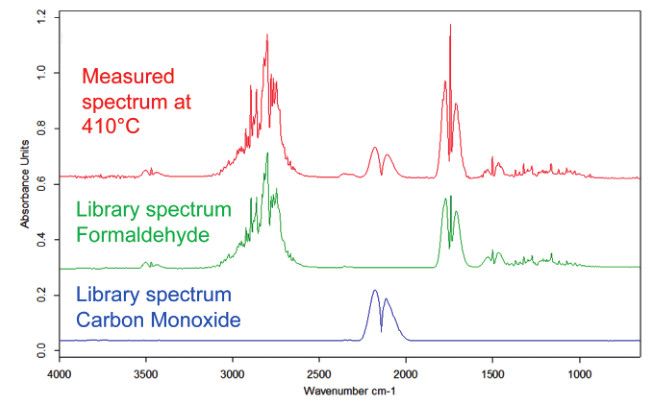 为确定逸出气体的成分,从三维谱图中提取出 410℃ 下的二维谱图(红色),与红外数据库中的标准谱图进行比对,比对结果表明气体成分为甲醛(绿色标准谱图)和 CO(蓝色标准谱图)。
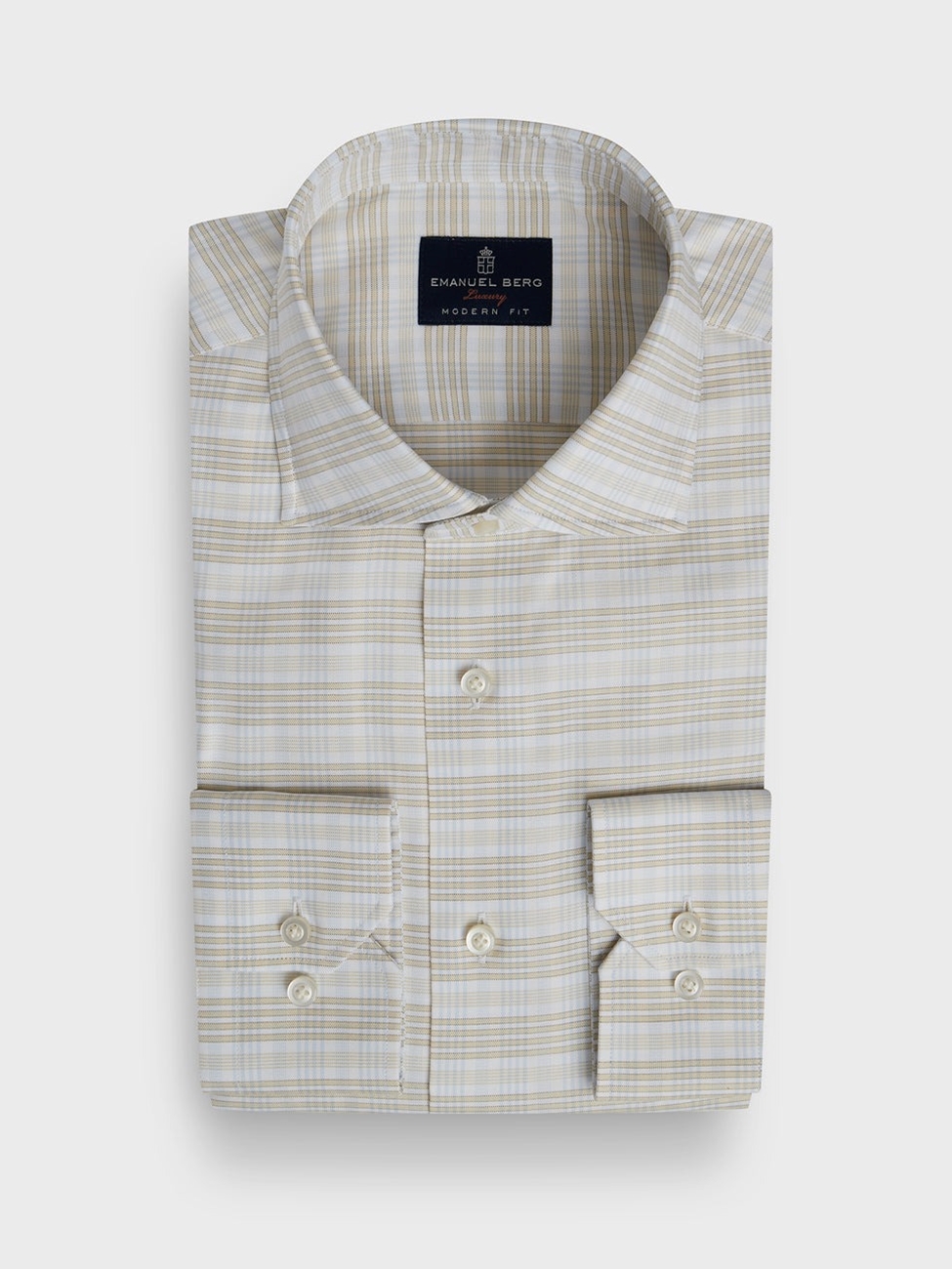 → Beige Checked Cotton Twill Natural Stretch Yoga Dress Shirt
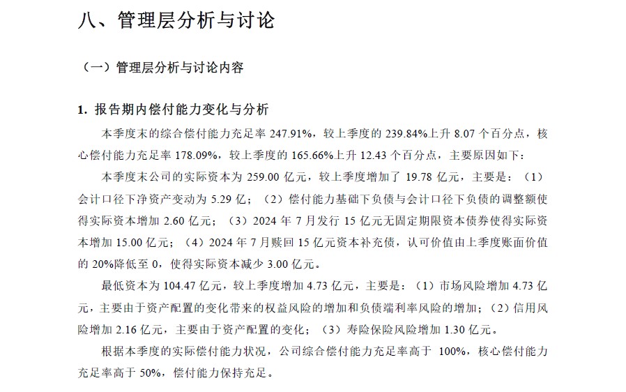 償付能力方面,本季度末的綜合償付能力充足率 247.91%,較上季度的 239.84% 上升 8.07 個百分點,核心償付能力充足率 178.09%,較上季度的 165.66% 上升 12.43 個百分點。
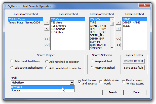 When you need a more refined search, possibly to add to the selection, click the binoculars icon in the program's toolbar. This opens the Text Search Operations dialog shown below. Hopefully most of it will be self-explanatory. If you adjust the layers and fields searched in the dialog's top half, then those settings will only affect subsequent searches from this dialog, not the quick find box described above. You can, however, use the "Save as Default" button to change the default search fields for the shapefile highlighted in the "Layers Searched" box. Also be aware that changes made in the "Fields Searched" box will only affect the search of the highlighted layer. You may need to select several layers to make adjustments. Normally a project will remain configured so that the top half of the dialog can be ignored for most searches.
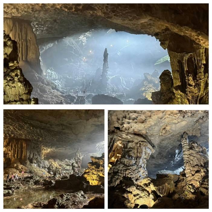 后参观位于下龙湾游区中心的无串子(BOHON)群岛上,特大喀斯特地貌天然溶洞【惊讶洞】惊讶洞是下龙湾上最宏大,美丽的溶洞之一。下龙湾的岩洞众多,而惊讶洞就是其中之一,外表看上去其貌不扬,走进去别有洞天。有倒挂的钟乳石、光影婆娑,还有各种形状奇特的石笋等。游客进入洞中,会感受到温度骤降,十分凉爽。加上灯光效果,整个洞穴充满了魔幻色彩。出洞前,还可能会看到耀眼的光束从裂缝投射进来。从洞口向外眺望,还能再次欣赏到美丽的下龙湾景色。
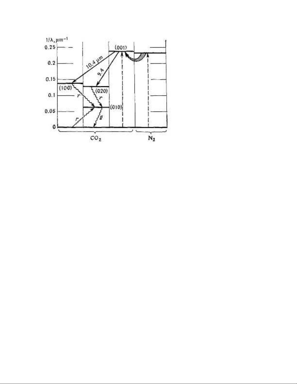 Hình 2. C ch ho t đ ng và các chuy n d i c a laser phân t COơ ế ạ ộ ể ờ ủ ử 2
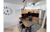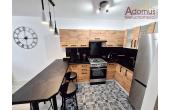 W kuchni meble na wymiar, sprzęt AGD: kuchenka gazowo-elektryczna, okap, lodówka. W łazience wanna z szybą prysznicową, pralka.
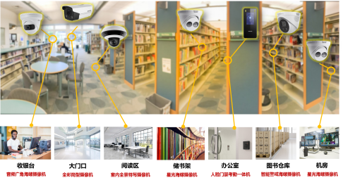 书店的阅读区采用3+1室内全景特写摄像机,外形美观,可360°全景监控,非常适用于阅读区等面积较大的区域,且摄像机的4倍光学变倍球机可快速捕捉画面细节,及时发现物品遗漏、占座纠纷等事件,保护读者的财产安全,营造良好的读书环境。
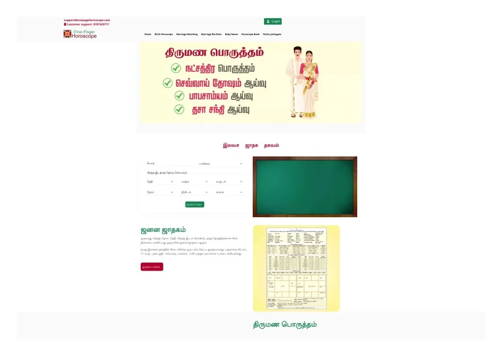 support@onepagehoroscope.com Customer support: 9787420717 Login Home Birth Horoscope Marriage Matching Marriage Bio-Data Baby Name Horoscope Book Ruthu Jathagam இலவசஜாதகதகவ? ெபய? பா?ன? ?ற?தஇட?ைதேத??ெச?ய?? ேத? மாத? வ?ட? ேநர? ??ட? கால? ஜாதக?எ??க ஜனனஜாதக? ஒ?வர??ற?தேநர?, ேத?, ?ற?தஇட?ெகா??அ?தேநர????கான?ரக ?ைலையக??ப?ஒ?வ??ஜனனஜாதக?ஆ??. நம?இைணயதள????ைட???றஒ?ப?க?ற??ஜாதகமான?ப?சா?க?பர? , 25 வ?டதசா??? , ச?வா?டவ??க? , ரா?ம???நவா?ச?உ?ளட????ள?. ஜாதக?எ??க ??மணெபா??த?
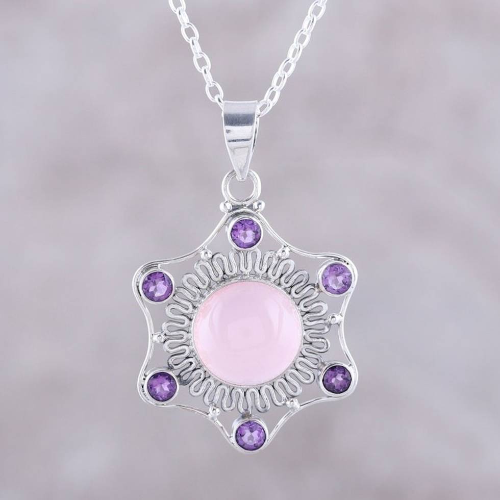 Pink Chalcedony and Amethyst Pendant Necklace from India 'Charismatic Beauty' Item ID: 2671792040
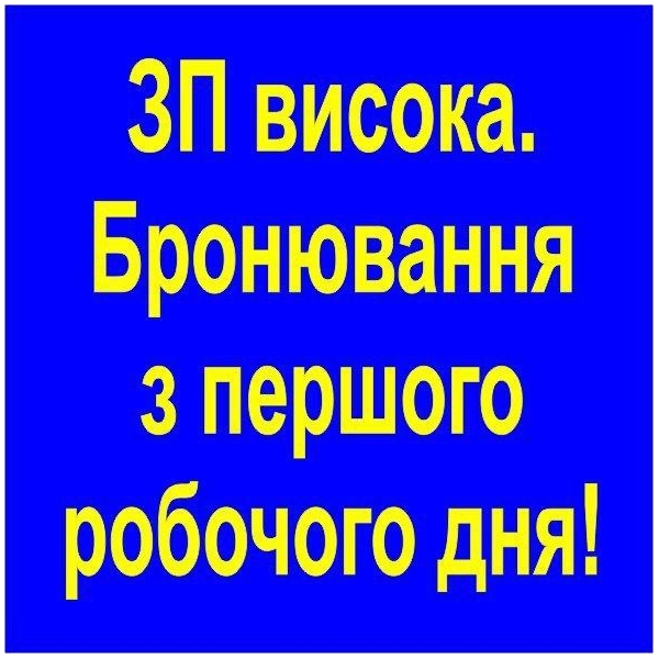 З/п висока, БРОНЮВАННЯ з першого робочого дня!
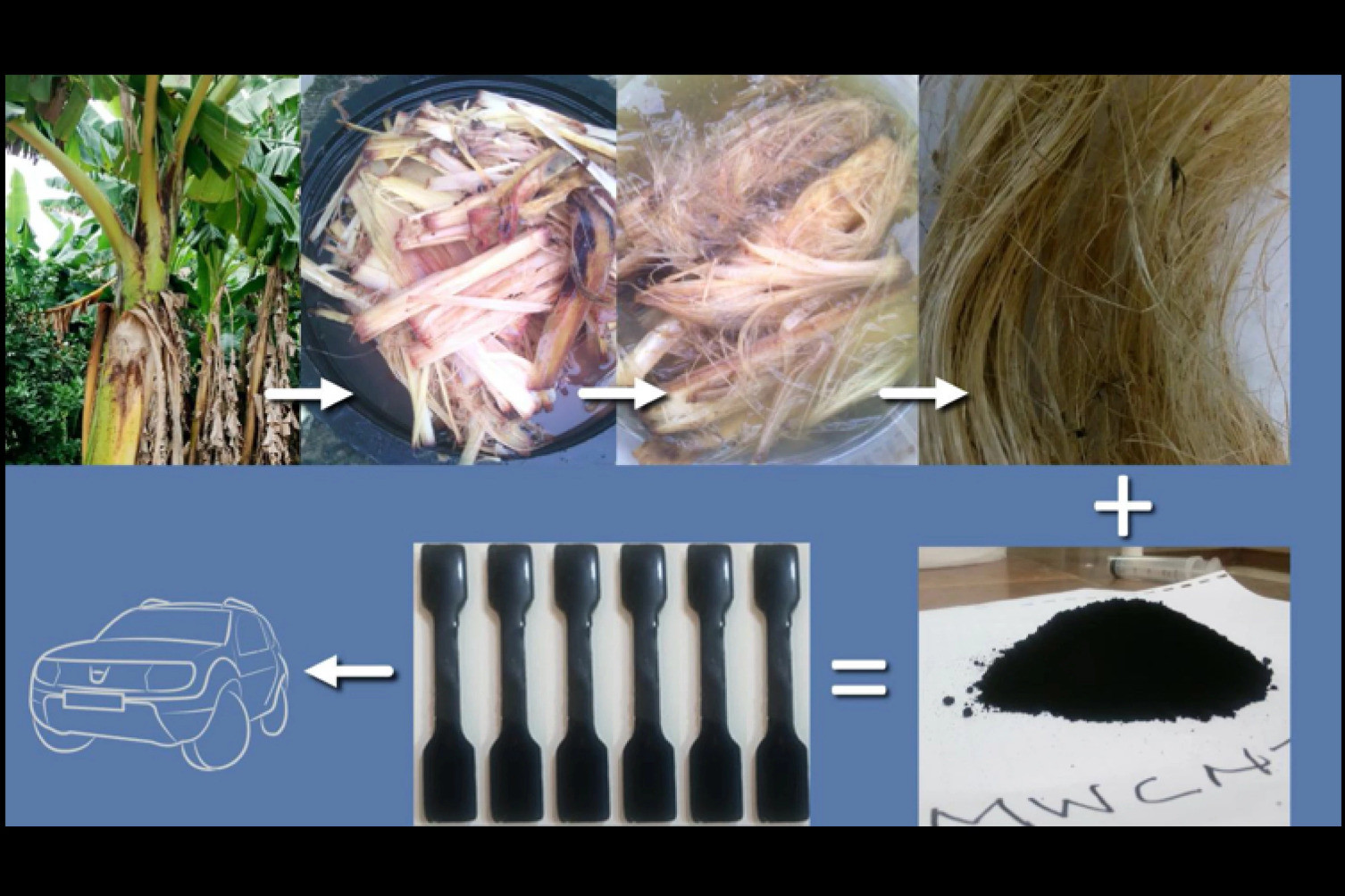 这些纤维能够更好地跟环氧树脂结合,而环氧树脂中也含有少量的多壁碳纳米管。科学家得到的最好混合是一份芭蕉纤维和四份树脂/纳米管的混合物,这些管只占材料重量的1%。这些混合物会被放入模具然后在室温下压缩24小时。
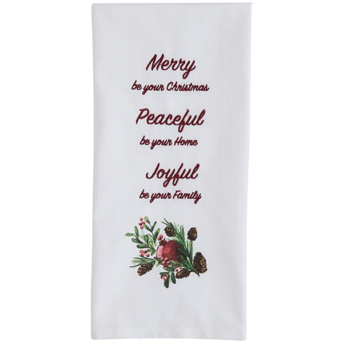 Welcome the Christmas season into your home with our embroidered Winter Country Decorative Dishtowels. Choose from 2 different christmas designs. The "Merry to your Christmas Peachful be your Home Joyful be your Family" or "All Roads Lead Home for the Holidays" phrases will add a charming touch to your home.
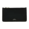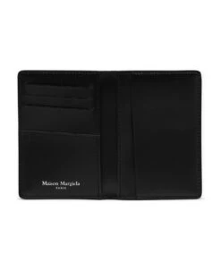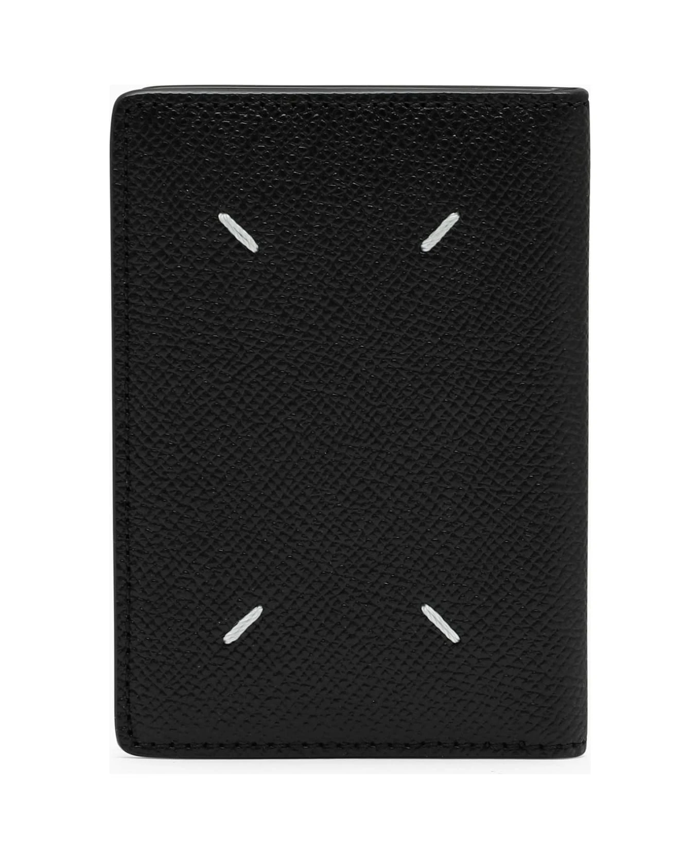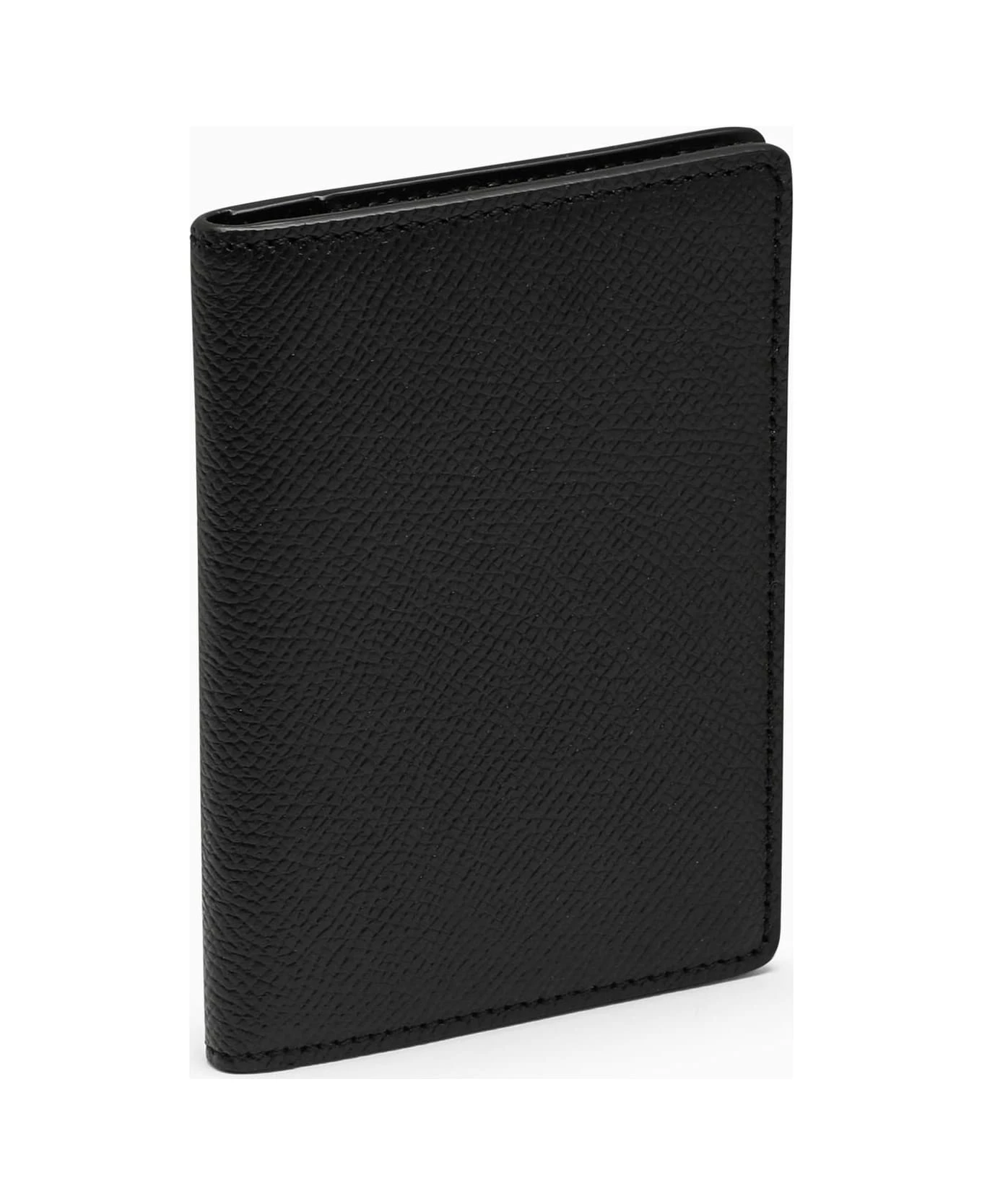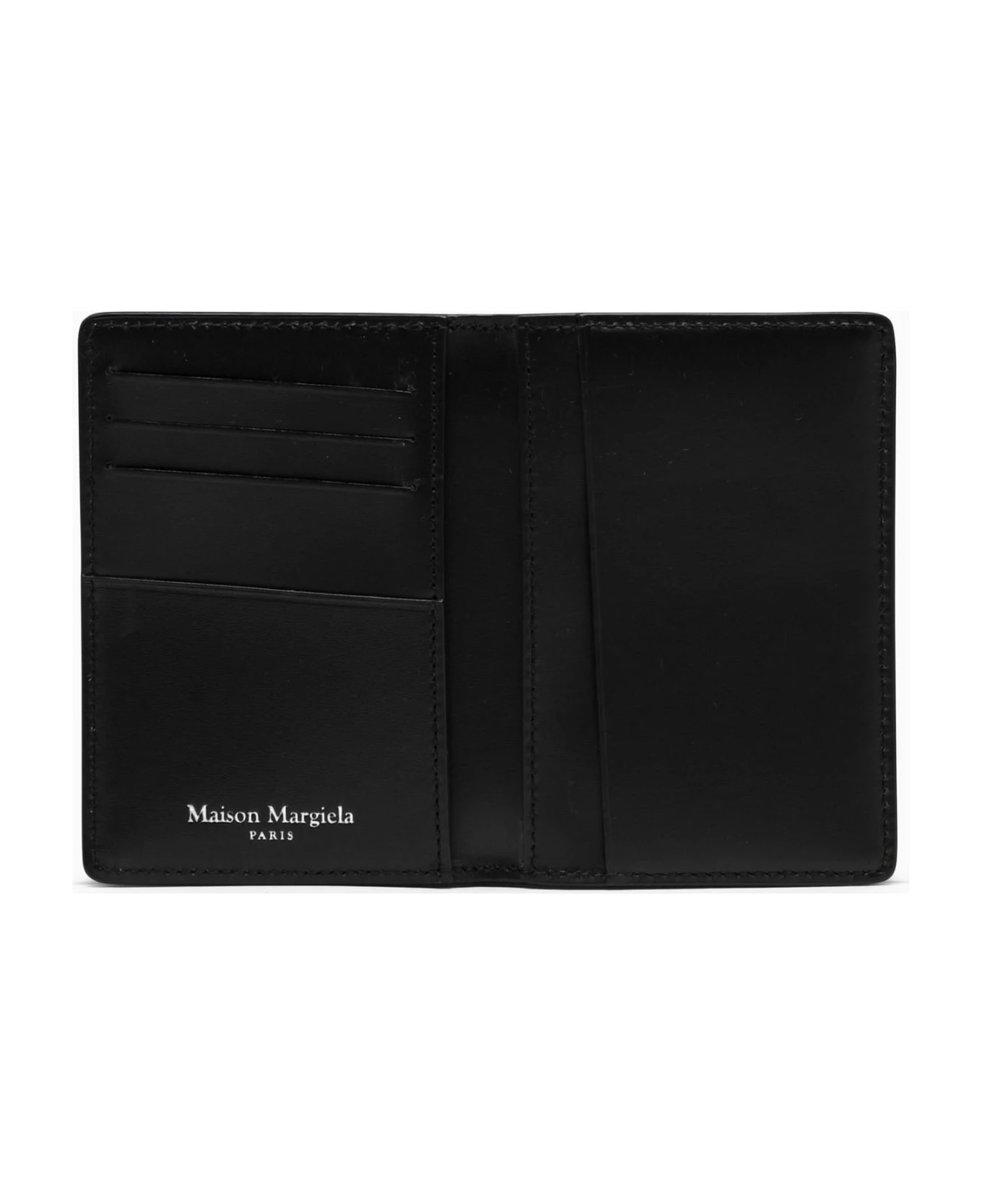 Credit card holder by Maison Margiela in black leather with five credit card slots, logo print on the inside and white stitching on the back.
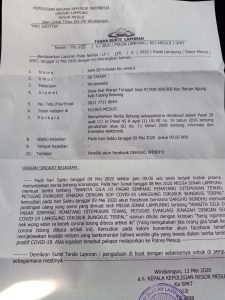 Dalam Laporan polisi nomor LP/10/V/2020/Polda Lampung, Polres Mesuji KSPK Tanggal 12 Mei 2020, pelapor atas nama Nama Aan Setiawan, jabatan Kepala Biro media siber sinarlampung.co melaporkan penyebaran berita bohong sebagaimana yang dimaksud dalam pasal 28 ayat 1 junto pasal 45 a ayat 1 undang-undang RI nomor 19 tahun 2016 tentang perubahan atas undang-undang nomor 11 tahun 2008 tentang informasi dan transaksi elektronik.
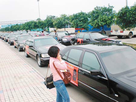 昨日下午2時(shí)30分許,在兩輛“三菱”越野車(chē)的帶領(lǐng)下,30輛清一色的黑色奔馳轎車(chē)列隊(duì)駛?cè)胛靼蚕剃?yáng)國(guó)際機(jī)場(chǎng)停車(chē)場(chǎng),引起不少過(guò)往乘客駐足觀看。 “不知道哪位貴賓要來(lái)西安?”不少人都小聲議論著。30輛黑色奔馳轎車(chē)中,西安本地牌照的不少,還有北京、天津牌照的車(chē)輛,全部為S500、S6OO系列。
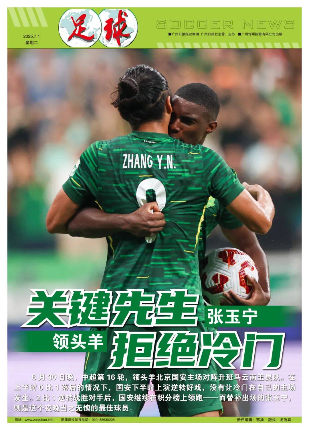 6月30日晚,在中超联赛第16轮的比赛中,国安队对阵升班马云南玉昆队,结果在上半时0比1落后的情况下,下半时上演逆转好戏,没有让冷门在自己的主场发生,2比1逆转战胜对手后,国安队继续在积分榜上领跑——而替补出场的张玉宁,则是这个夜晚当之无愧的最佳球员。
- - - - -
BRIEF:
Lines from the one above containing "З/п висока, БРОНЮВАННЯ" down to the one containing "这些纤维能够更好地跟环氧树脂" should be transcribed exactly, with both ends kept and no pictures.

TASK RESPONSE:
 З/п висока, БРОНЮВАННЯ з першого робочого дня!
 这些纤维能够更好地跟环氧树脂结合,而环氧树脂中也含有少量的多壁碳纳米管。科学家得到的最好混合是一份芭蕉纤维和四份树脂/纳米管的混合物,这些管只占材料重量的1%。这些混合物会被放入模具然后在室温下压缩24小时。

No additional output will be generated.